— REQUIRED WORK —
Leave out the pictures and retype exactly the lines from the line with "Echolot, Windm.) |" through the end of the listing below.

— SOURCE MATERIAL —
-=-=-
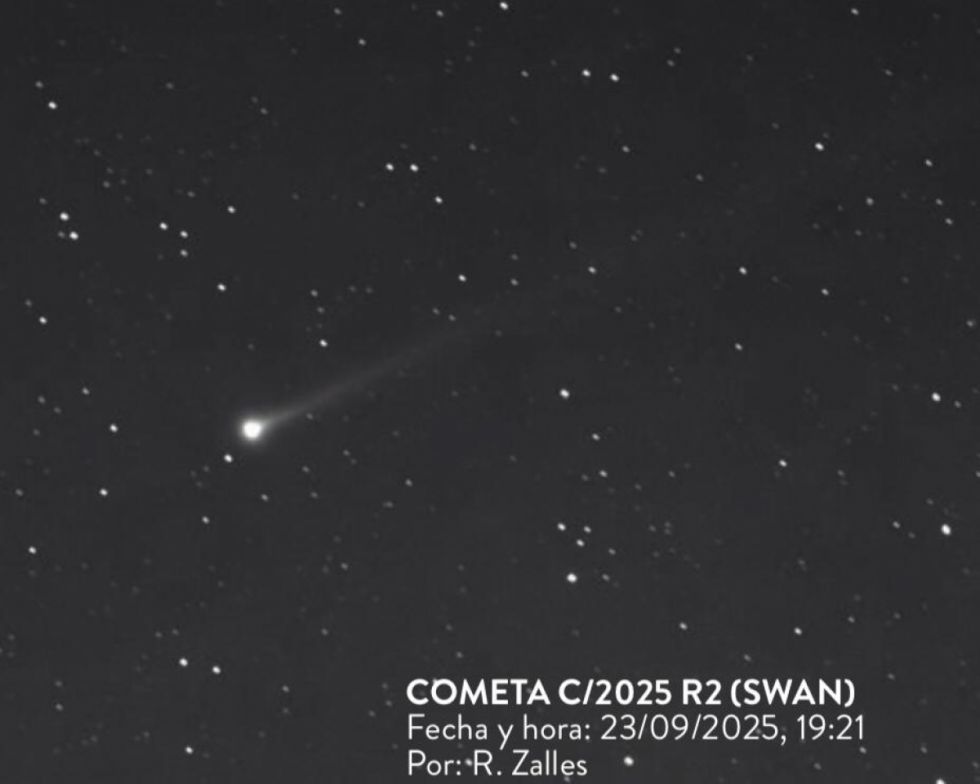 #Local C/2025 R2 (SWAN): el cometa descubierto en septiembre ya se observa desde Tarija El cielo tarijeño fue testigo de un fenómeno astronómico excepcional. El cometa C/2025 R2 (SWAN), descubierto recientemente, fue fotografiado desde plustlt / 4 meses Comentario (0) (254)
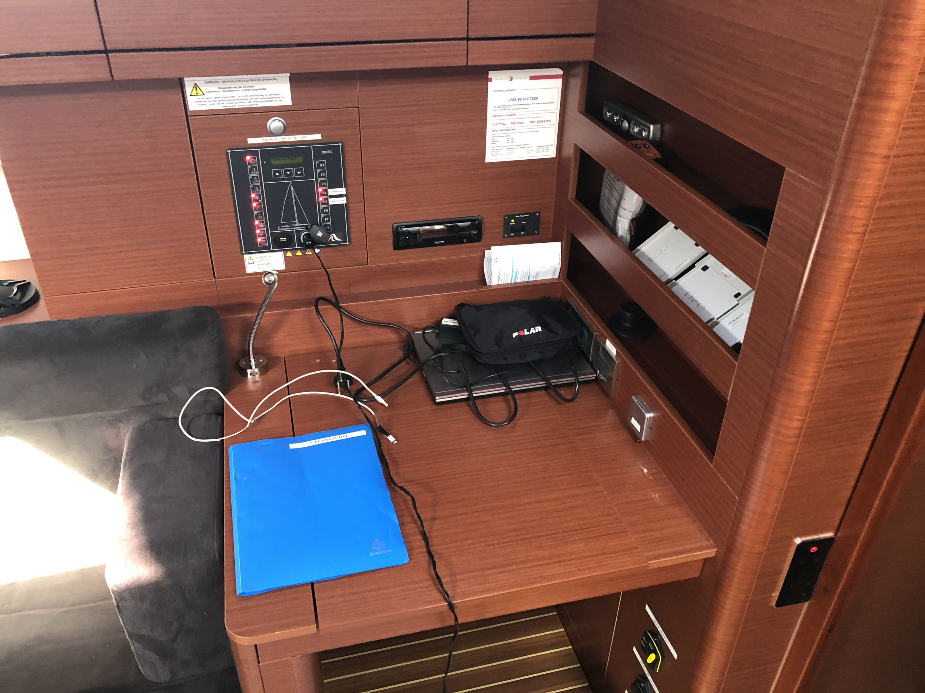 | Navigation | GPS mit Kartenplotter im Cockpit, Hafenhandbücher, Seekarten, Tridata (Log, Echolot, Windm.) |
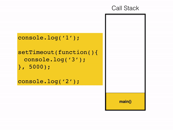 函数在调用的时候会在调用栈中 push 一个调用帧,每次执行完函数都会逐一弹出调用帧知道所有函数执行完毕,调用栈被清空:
-=-=-
— WRITTEN RESPONSE —
 | Navigation | GPS mit Kartenplotter im Cockpit, Hafenhandbücher, Seekarten, Tridata (Log, Echolot, Windm.) |
 函数在调用的时候会在调用栈中 push 一个调用帧,每次执行完函数都会逐一弹出调用帧知道所有函数执行完毕,调用栈被清空:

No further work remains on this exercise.